Assignment: Drop every picture and copy exactly the lines from the one with "The image depicts" through the last line of the listing below.

Exercise data:
####

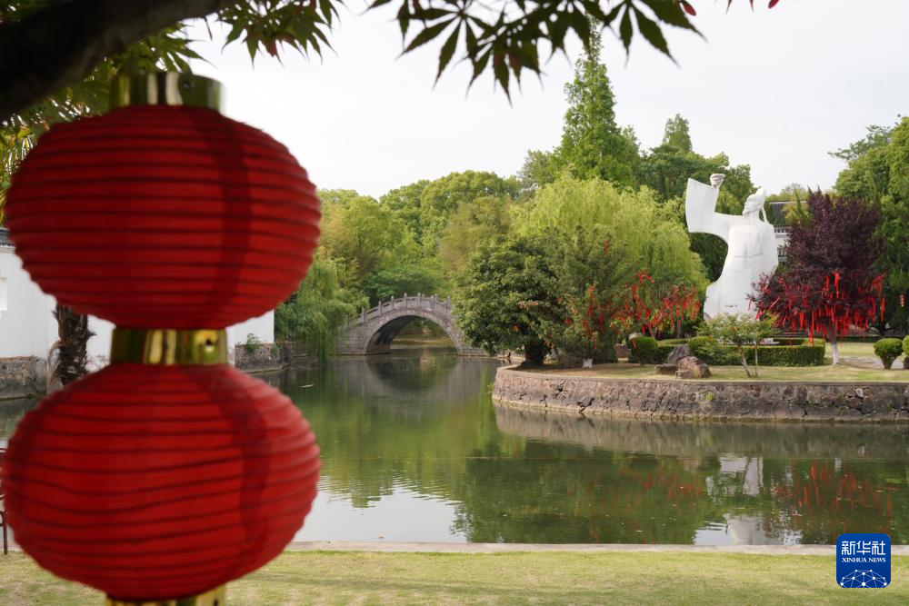 5月13日在安徽省马鞍山市当涂县拍摄的李白文化园和园中的李白雕像。
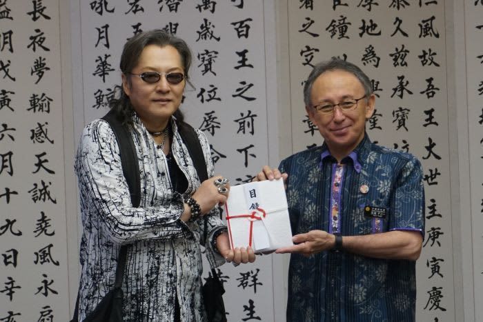 歌手でアーティストの石井竜也さんが8日、沖縄県庁を訪れ、首里城再建に役立ててほしいとファンから寄せら…
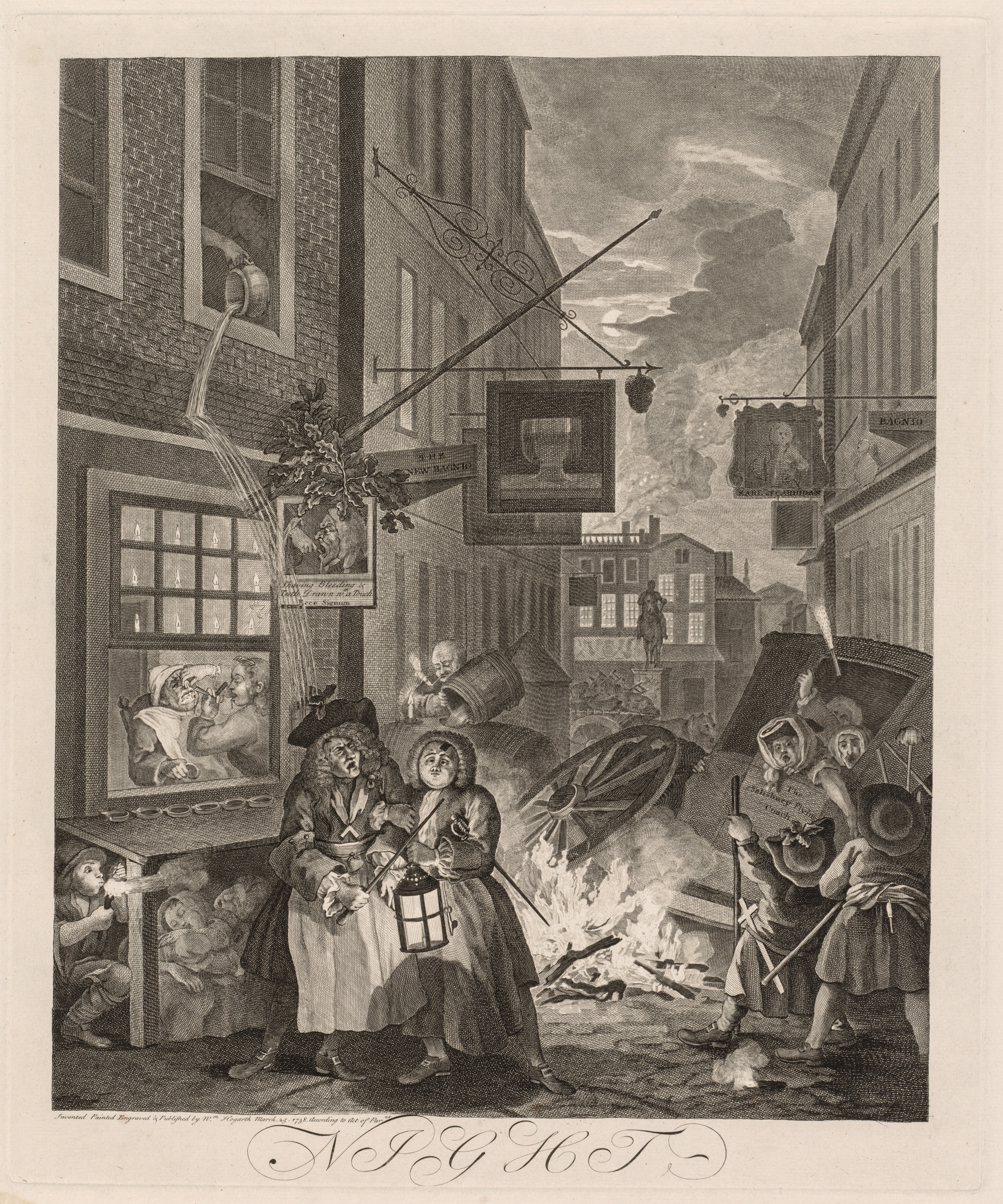The image depicts a nighttime scene of a street with several people. A woman and man in old-fashioned clothing sit on the left side, she holding a lantern. A man walks behind them, with two others on the right. A fire burns on the street. Buildings line both sides, with a sign and a tree visible on the left. The sky is cloudy and dark. The title, "The Four Times of Day: Night", and the artist, William Hogarth, are associated with this image. The text "NIGHT" is written in cursive at the bottom.
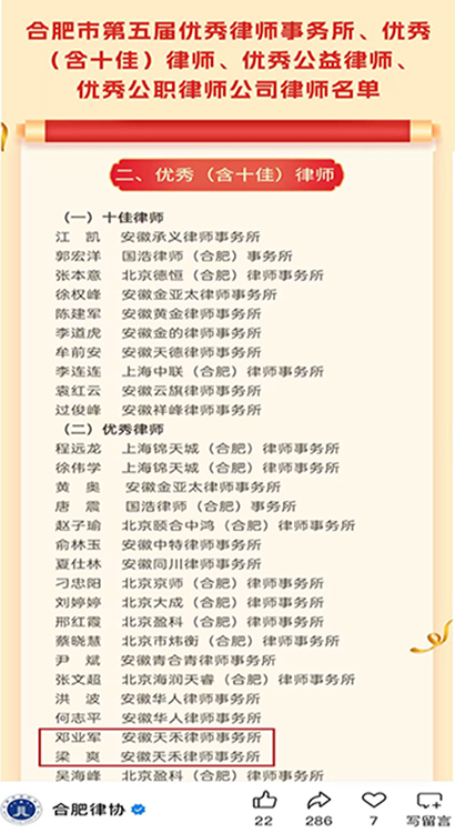 5月26日,合肥市律师协会正式公布第五届优秀律师评选结果。安徽天禾律师事务所合伙人邓业军、梁爽凭借卓越的专业表现和行业贡献,获评"合肥市优秀律师"荣誉称号。

####

Task output:
The image depicts a nighttime scene of a street with several people. A woman and man in old-fashioned clothing sit on the left side, she holding a lantern. A man walks behind them, with two others on the right. A fire burns on the street. Buildings line both sides, with a sign and a tree visible on the left. The sky is cloudy and dark. The title, "The Four Times of Day: Night", and the artist, William Hogarth, are associated with this image. The text "NIGHT" is written in cursive at the bottom.
 5月26日,合肥市律师协会正式公布第五届优秀律师评选结果。安徽天禾律师事务所合伙人邓业军、梁爽凭借卓越的专业表现和行业贡献,获评"合肥市优秀律师"荣誉称号。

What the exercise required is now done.